» **What you need to do**
The answer must consist solely of the lines from the start of the records through the line containing "ファンタジー風あだ名 | 『フェフェル』『エターナルフェリー』 |", restated word for word, with no pictures.

» **Data entries**

┌────────

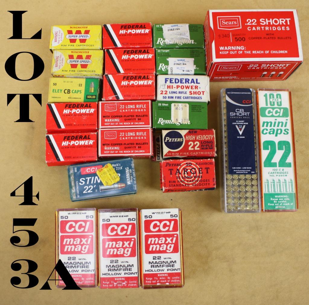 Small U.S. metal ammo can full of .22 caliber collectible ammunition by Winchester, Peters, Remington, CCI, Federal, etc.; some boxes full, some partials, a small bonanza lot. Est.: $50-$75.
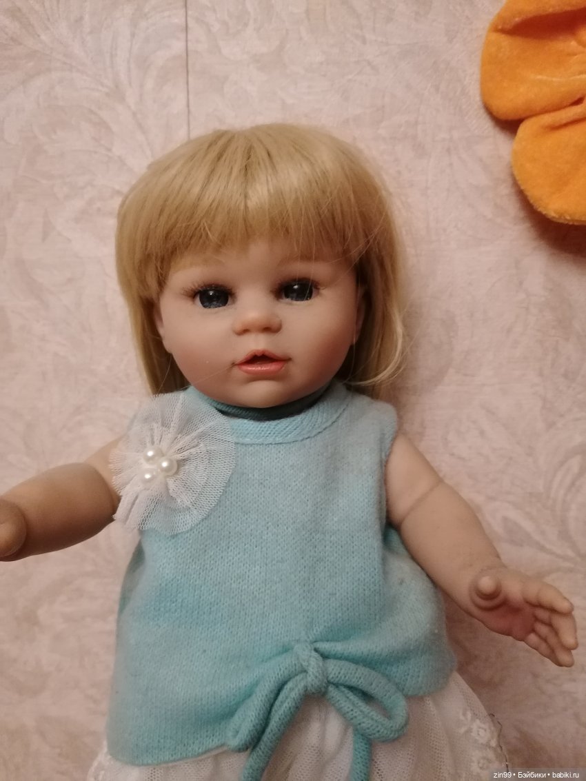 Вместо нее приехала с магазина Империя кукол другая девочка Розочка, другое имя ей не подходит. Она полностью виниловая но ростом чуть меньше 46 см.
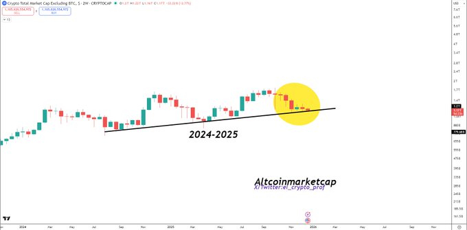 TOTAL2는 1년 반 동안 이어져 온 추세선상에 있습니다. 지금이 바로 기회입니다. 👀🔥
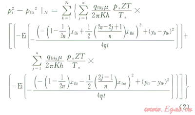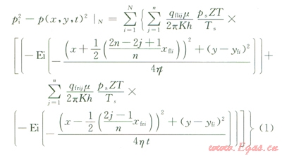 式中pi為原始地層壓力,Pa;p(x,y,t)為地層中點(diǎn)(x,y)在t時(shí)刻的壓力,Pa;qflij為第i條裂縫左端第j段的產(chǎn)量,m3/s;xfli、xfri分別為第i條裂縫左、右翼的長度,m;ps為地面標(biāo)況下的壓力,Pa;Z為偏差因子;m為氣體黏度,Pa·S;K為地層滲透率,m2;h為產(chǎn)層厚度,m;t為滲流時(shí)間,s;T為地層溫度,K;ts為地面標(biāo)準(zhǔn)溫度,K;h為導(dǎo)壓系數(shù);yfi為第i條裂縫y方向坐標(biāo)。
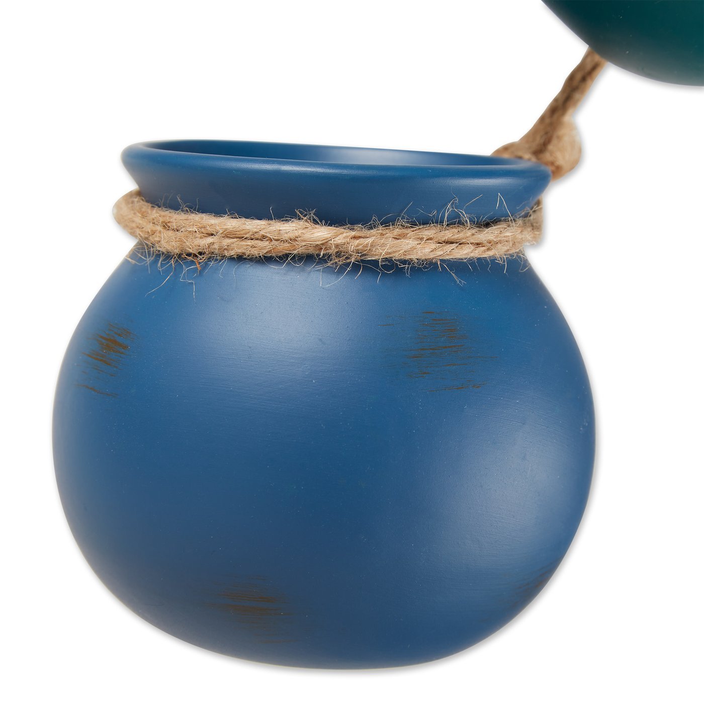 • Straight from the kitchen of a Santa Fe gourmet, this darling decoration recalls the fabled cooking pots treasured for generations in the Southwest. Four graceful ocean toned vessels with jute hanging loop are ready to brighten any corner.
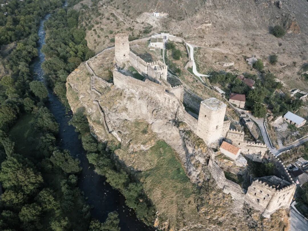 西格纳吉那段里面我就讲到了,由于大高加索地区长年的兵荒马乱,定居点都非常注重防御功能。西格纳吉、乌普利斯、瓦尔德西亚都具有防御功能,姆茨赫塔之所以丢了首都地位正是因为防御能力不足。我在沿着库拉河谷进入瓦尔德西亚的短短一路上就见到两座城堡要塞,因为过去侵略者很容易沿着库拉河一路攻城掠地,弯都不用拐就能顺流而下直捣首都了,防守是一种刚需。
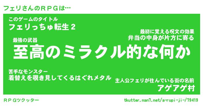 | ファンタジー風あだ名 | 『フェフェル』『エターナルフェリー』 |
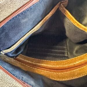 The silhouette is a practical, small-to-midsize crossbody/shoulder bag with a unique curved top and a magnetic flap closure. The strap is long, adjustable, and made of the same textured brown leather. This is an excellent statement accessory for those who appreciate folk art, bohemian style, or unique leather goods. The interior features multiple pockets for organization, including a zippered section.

└────────

» **Response below**
 Small U.S. metal ammo can full of .22 caliber collectible ammunition by Winchester, Peters, Remington, CCI, Federal, etc.; some boxes full, some partials, a small bonanza lot. Est.: $50-$75.
 Вместо нее приехала с магазина Империя кукол другая девочка Розочка, другое имя ей не подходит. Она полностью виниловая но ростом чуть меньше 46 см.
 TOTAL2는 1년 반 동안 이어져 온 추세선상에 있습니다. 지금이 바로 기회입니다. 👀🔥
 式中pi為原始地層壓力,Pa;p(x,y,t)為地層中點(diǎn)(x,y)在t時(shí)刻的壓力,Pa;qflij為第i條裂縫左端第j段的產(chǎn)量,m3/s;xfli、xfri分別為第i條裂縫左、右翼的長度,m;ps為地面標(biāo)況下的壓力,Pa;Z為偏差因子;m為氣體黏度,Pa·S;K為地層滲透率,m2;h為產(chǎn)層厚度,m;t為滲流時(shí)間,s;T為地層溫度,K;ts為地面標(biāo)準(zhǔn)溫度,K;h為導(dǎo)壓系數(shù);yfi為第i條裂縫y方向坐標(biāo)。
 • Straight from the kitchen of a Santa Fe gourmet, this darling decoration recalls the fabled cooking pots treasured for generations in the Southwest. Four graceful ocean toned vessels with jute hanging loop are ready to brighten any corner.
 西格纳吉那段里面我就讲到了,由于大高加索地区长年的兵荒马乱,定居点都非常注重防御功能。西格纳吉、乌普利斯、瓦尔德西亚都具有防御功能,姆茨赫塔之所以丢了首都地位正是因为防御能力不足。我在沿着库拉河谷进入瓦尔德西亚的短短一路上就见到两座城堡要塞,因为过去侵略者很容易沿着库拉河一路攻城掠地,弯都不用拐就能顺流而下直捣首都了,防守是一种刚需。
 | ファンタジー風あだ名 | 『フェフェル』『エターナルフェリー』 |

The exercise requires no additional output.